My simulations are 3D turbulent flow . I take the overall pressure drop from inlet to outlet as the solution variable to calculate GCI and I use a representative mesh size for each mesh which I calculate as (total volume/total number of cells)^(1/3). I have generated results for many meshes and tried to calculate GCI for 3 meshes at any time. I have ensured that the grid refinement ratios r21 and r32 are both above 1.3 for any of the mesh set that i consider. However, I find that for the different mesh sets that i consider: a)either the the parameter GCI_fine*(r21^p)/GCI_course is not close to one. This parameter should be close to one for the grids to be in asymptotic range. b)when this parameter is indeed close to one for a set of meshes, (and GCI_fine is also is small..less than 2 percent), the observed order of accuracy p that I calculate comes out to be around 4 . Now I think it is incorrect and should be less than 2 (as the formal order of accuracy of CFX is 2...please correct me if I am wring). I have tried many fine and coarse meshes. Is the way I am calculating GCI correct? Is the value of p>2 indeed correct? For the results to be considered accurate what is the maximum acceptable value of GCI? 
Firstly well done on having a good look into mesh refinement. I reckon about half of the weird questions on this forum are from people who have not done a proper check of whether their simulation is accurate so I am glad you are doing it properly.

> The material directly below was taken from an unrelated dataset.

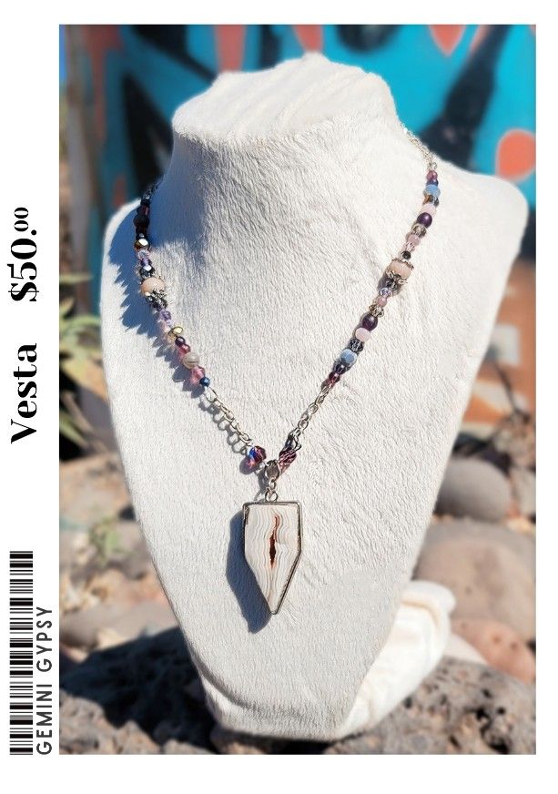π Vesta π Banded Agate with Druzy Crystal Core in a Silver Pendant Frame $50.00 Every single necklace from GeminiGypsy is 100%handcrafted and forever unique, meaning no one else will have a stone like the one you choose. I have spent countless hours scouring all parts of the Arizona desert searching for the perfect specimens, which means none of my pieces are ever bought. Each one is found, cut, shaped, polished, wrapped and entwined with a one of a kind strand by yours truly. Shipping available or local pick up near 43rd Ave and Pinnacle Peak.
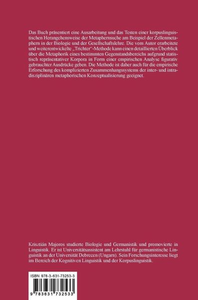 Das Buch präsentiert eine Ausarbeitung und das Testen einer korpuslinguistischen Herangehensweise der Metaphernsuche am Beispiel der Zellenmetaphern in der Biologie und der Gesellschaftslehre. Die vom Autor erarbeitete und weiterentwickelte «Trichter»-Methode kann einen detaillierten Überblick über die Metaphorik eines bestimmten Gegenstandsbereichs aufgrund statistisch repräsentativer Korpora in Form einer empirischen Analyse figurativ gebrauchter Ausdrücke geben. Die Methode ist daher auch für die empirische Erforschung des komplizierten Zusammenhangssystems der inter- und intradisziplinären metaphorischen Konzeptualisierung geeignet.

Yes, CFX is a second order code for much of its numerics but in my experience that rarely equates to a order of convergence of 2 due to numerical issues, nonlinearities etc. So if it is converging nicely I am happy regardless of the number. If the parameter is not in the asymptotic range then you generally have to use a much tighter mesh for convergence, or you have a model which does not converge. Turbulence models with wall functions often do this as if they refine below y+<11 the model is not valid.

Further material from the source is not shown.